# Well I’m stumped!!!



## Paul33 (8/5/19)

im completely stumped here. 

I have the sxk Exocet (yes stop judging the clone but the authentics are harder to find than a unicorn fart in a hurricane) and a few days ago the Flavour just vanished. VANISHED. 

I thought time to rewick. I rewicked, still no Flavour. 

I changed the coil. No Flavour. 

Raised the coil. Dropped the coil. Put a Clapton. Put an alien. Used round wire. Ni80. Kanthal. Put a new alien. NOTHING. 

There’s wicking bubbles but just no Flavour. 

It used to be be fine. Put coil. Put cotton. Put juice. Vape. Flavour. 

Now nothing. 

Clever people welcome to give their insights please.

Reactions: Like 1


----------



## Ruwaid (8/5/19)

Silly question but I'm guessing you tried different juices as well?

Reactions: Like 1


----------



## CaliGuy (8/5/19)

Something possibly wrong with the 510 connection, not getting enough power to the RBA?

Any way to test the Exocet on another mod perhaps.


----------



## Paul33 (8/5/19)

Ruwaid said:


> Silly question but I'm guessing you tried different juices as well?


I have and I tried the same juice in another attie, all fine. Kak in the Exocet.


----------



## Paul33 (8/5/19)

CaliGuy said:


> Something possibly wrong with the 510 connection, not getting enough power to the RBA?
> 
> Any way to test the Exocet on another mod perhaps.


Um I could screw it into the mod I use to fire it and just vape straight out the chimney??

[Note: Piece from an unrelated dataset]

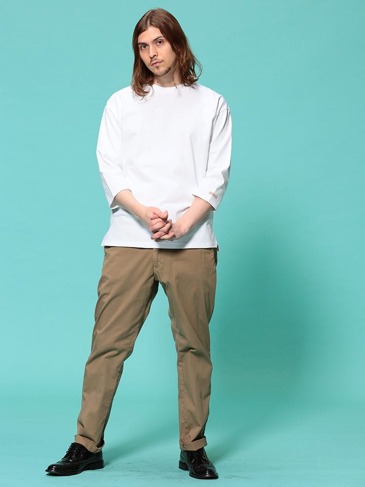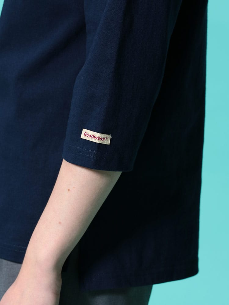 1983年にアメリカはマサチューセッツ州エセックスで誕生したGoodwear(グッドウェア)は、MADE IN USAを貫くTシャツを中心としたアパレルメーカー。こだわりのUSAコットンを使用したGoodwearの7分袖 クルーネック フットボール Tシャツ。ベーシックなデザインでどんなスタイルにも合わせていただけます。無地のデザインに切り替えがポイント。首元はベーシックなクルーネック。裾サイドにスリット入り。左袖にブランドタグ。

I’ll do that and let you know!!

Reactions: Agree 1 | Funny 1


----------



## Paul33 (8/5/19)

CaliGuy said:


> Something possibly wrong with the 510 connection, not getting enough power to the RBA?
> 
> Any way to test the Exocet on another mod perhaps.


Couldn’t test in another mod as the airflow was blocked. 

Swapped out juices and put a different battery but still kak 

Could it possibly be the sub standard materials used in the sxk “breaking down” for want of a better phrase over time and starting to affect the taste?

Reactions: Like 1


----------



## CaliGuy (8/5/19)

The device breaking down was what I was thinking. Not sure if the clones use actual Peak or some fong kong plastic.

Reactions: Like 1


----------



## Juan_G (8/5/19)

Maybe try another boro?


----------



## Paul33 (8/5/19)

CaliGuy said:


> The device breaking down was what I was thinking. Not sure if the clones use actual Peak or some fong kong plastic.


I have no clue


----------



## Paul33 (8/5/19)

Juan_G said:


> Maybe try another boro?


I’ve got a spare one lying around. I’ll try it.


----------



## Paul33 (8/5/19)

Juan_G said:


> Maybe try another boro?


Failing that I’ll come steal one of yours!!!


----------



## Juan_G (8/5/19)

Paul33 said:


> Failing that I’ll come steal one of yours!!!


But what would I use then....LOL


----------



## Paul33 (8/5/19)

Juan_G said:


> But what would I use then....LOL


That’s sounds like a you problem

Reactions: Funny 2


----------



## Paul33 (8/5/19)

Right:

Same bridge and coil and cotton and juice. New Boro. 

Letting it wick a bit then I’ll give it go.


----------



## Juan_G (8/5/19)

Paul33 said:


> Right:
> 
> Same bridge and coil and cotton and juice. New Boro.
> 
> Letting it wick a bit then I’ll give it go.


Hope this works. Maybe your cotton instantly expired eish

Reactions: Funny 2


----------



## Paul33 (8/5/19)

Juan_G said:


> Hope this works. Maybe your cotton instantly expired eish


Dude I have no idea but it’s so FRUSTRATING


----------



## Paul33 (8/5/19)

CaliGuy said:


> The device breaking down was what I was thinking. Not sure if the clones use actual Peak or some fong kong plastic.


So you think it’s the plastic in the Boro being the problem maybe?


----------



## Paul33 (8/5/19)

Juan_G said:


> Hope this works. Maybe your cotton instantly expired eish


So far the different Boro seems to be working and Flavour is kinda back.


----------



## Juan_G (8/5/19)

Paul33 said:


> So far the different Boro seems to be working and Flavour is kinda back.


That's good news, now the cotton just needs some breaking in

Reactions: Agree 1


----------



## Paul33 (8/5/19)

Juan_G said:


> That's good news, now the cotton just needs some breaking in


Agreed. Let’s see how tomorrow goes

Reactions: Like 1


----------



## Paul33 (9/5/19)

Paul33 said:


> Agreed. Let’s see how tomorrow goes


today is still going strong and no lack of flavour.

still trying to get my head around how a boro could affect the taste so much but have ended on the plastic "breaking down" and doing some funky chemical nastiness to my juice.

Reactions: Agree 1 | Informative 1


----------



## RainstormZA (9/5/19)

Sorry I couldn't resist and had to post this

Reactions: Funny 5


----------



## Paul33 (9/5/19)

RainstormZA said:


> Sorry I couldn't resist and had to post this
> 
> View attachment 166018


Even looks like me a bit

Reactions: Funny 2


----------